In principal, yes. The problem is, that in my case, it is not trivial to perform this segmentation because of the variety of website designs. So, sometimes I have my ideal information block as one example segment, sometimes the crucial information will enter one by one in separate examples.

In short the question was more of a "Is it worth the time of improving the segmentation, or how much will the algorithm still benefit from (sometimes) the 1-2 word examples only consisting of a PLZ or cityname for example?"

I know, without surrounding structure my pattern-based augmentation will be limited for this cases...

I don't want to stretch your patience with me but regarding this last aspect I will like to come back to the initial workflow question: I guess it would it be wiser to plug in my (roughly cleaned, stripped of scripts etc.) html documents AS A WHOLE into my jsonl training dataset "text"-entries and embed the segmentation in my model?

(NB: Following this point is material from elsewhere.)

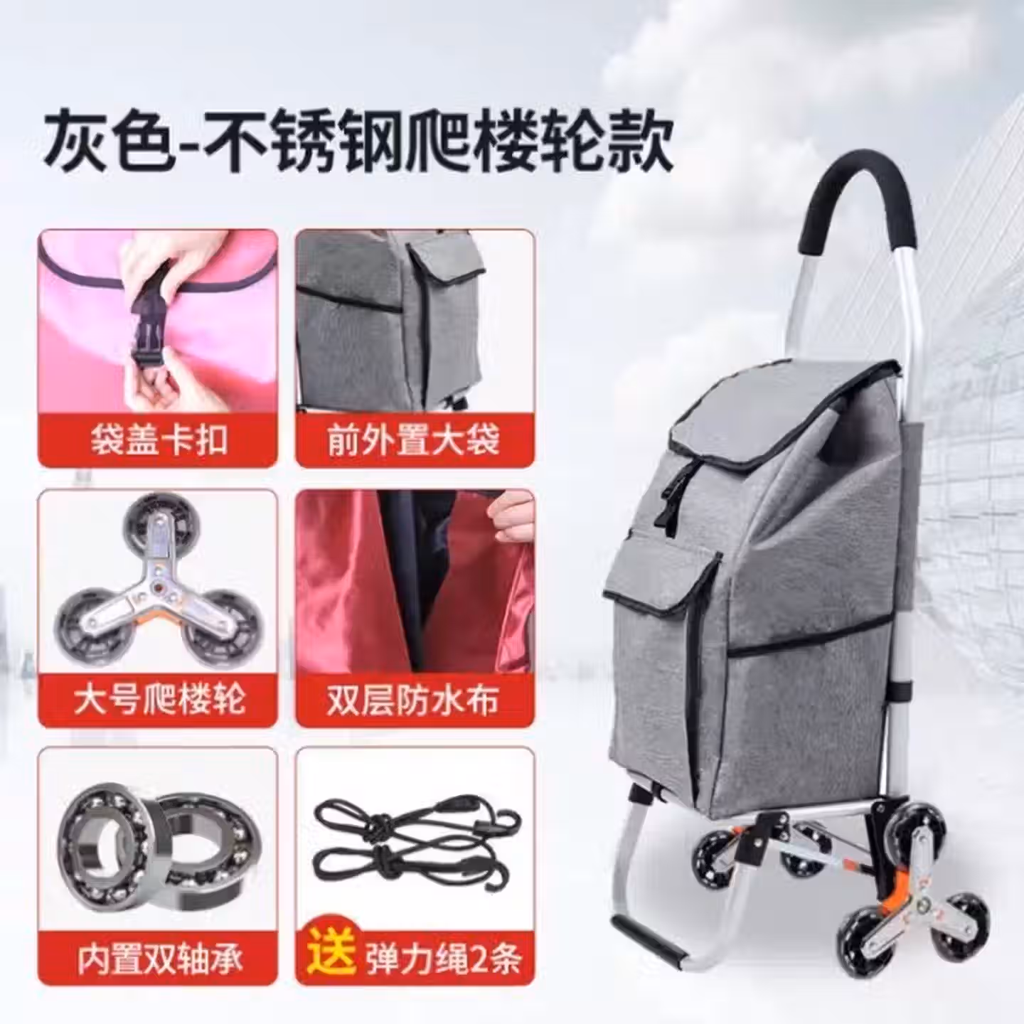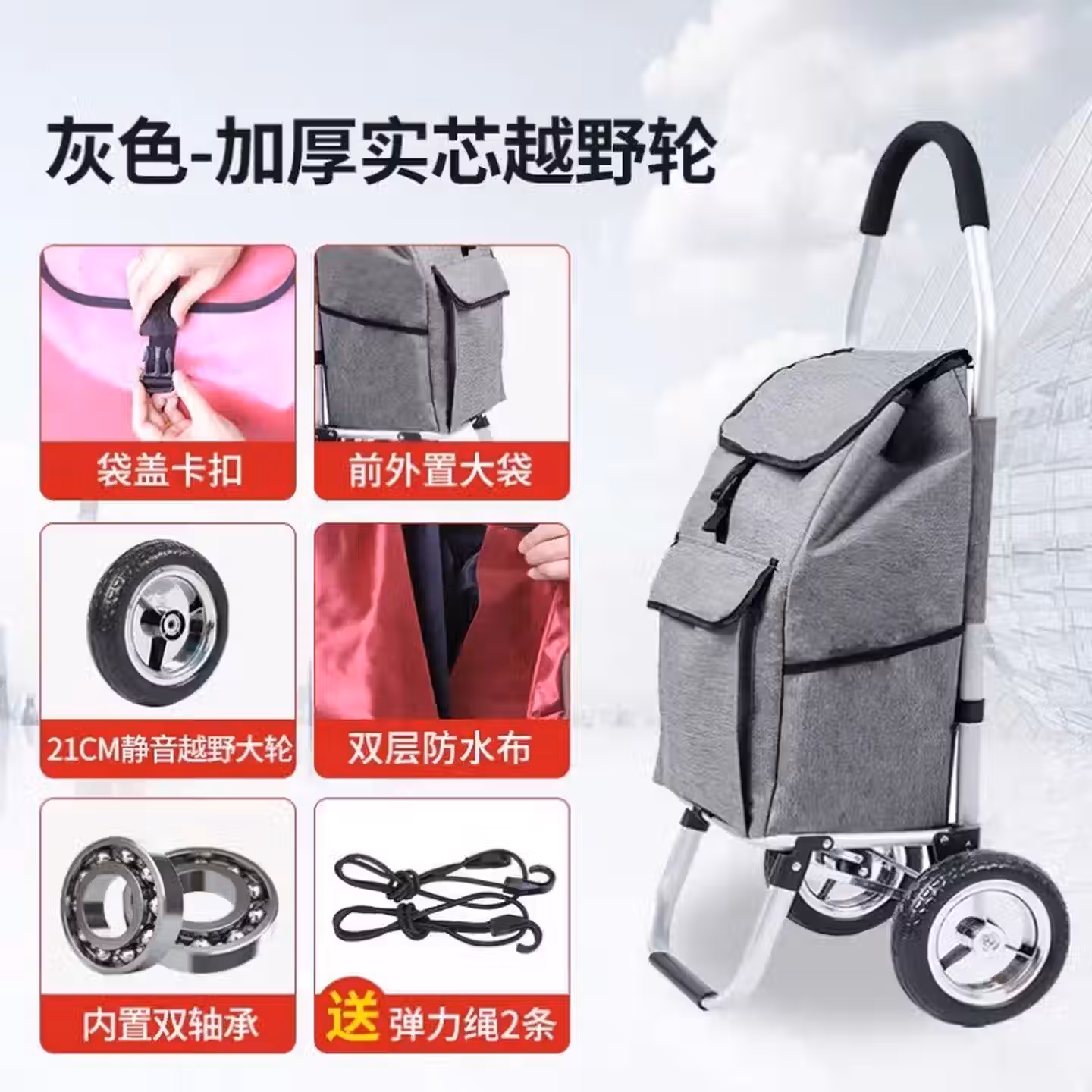 > 拉杆老人购物车买菜小拉车家用快递爬楼加厚超市折叠神器老年带轮 铝合金车架-不锈钢6轮(大号)灰色Kt4

So far, I used a blank model, only with tokenization and the added NER. Please correct me if I'm wrong, but my possibilties here seem to be:

  • I could add a sentencizer or a custom component to split my html-doc into my information segments as sentences in a rule based fashion

  • I could add a parser to base the sentence/segment selection on. But then I still can't use one of your prebuilt models, because I don't have a "normal" syntactic structure in my documents and would have to manually train one... so I don't think this would be the way to go here...

One last question:
If my model would manage to split the docs in sentences, would prodigy display these for annotation tasks or still the whole doc? In the end, I want to have a model that I can give a whole document and get the NER, so I'm still confused which step to add to the model and which step to a custom recipe.

Cheers
Kevin

Ah, I think I understand better now.

Your training process will definitely suffer if you have a lot of segmentation errors in your data. My suggestion would be to find a very conservative segmentation policy that very rarely over-segments, so you can work on somewhat more convenient chunks, without introducing errors from relevant entities being split over documents. You can also try just not segmenting the texts. You’ll have to scroll a little bit, but it should still work.

One thing to keep in mind is that you’ll need some way to create entirely correct annotations, for evaluation. The evaluation set shouldn’t have errors in it from the segmentation — otherwise you’ll have no way of estimating how many errors the segmentation is actually introducing. You’ll also want a dataset that lets you evaluate future efforts to improve the segmentation.

If you can’t easily make rules that don’t over-segment, and it’s impractical to work on the unsegmented documents, one solution is to have a fix-up process that you do at the end, possibly just in a text editor. You could use the “reject” button to mark that there’s a segmentation error, and then have some sort of process to repair the problems when you’re done annotating. The repair process could be manual or a script, depending on the nature of the problem and how you’ve managed to mark it.

Thank you Matt, this cleared up my general workflow questions!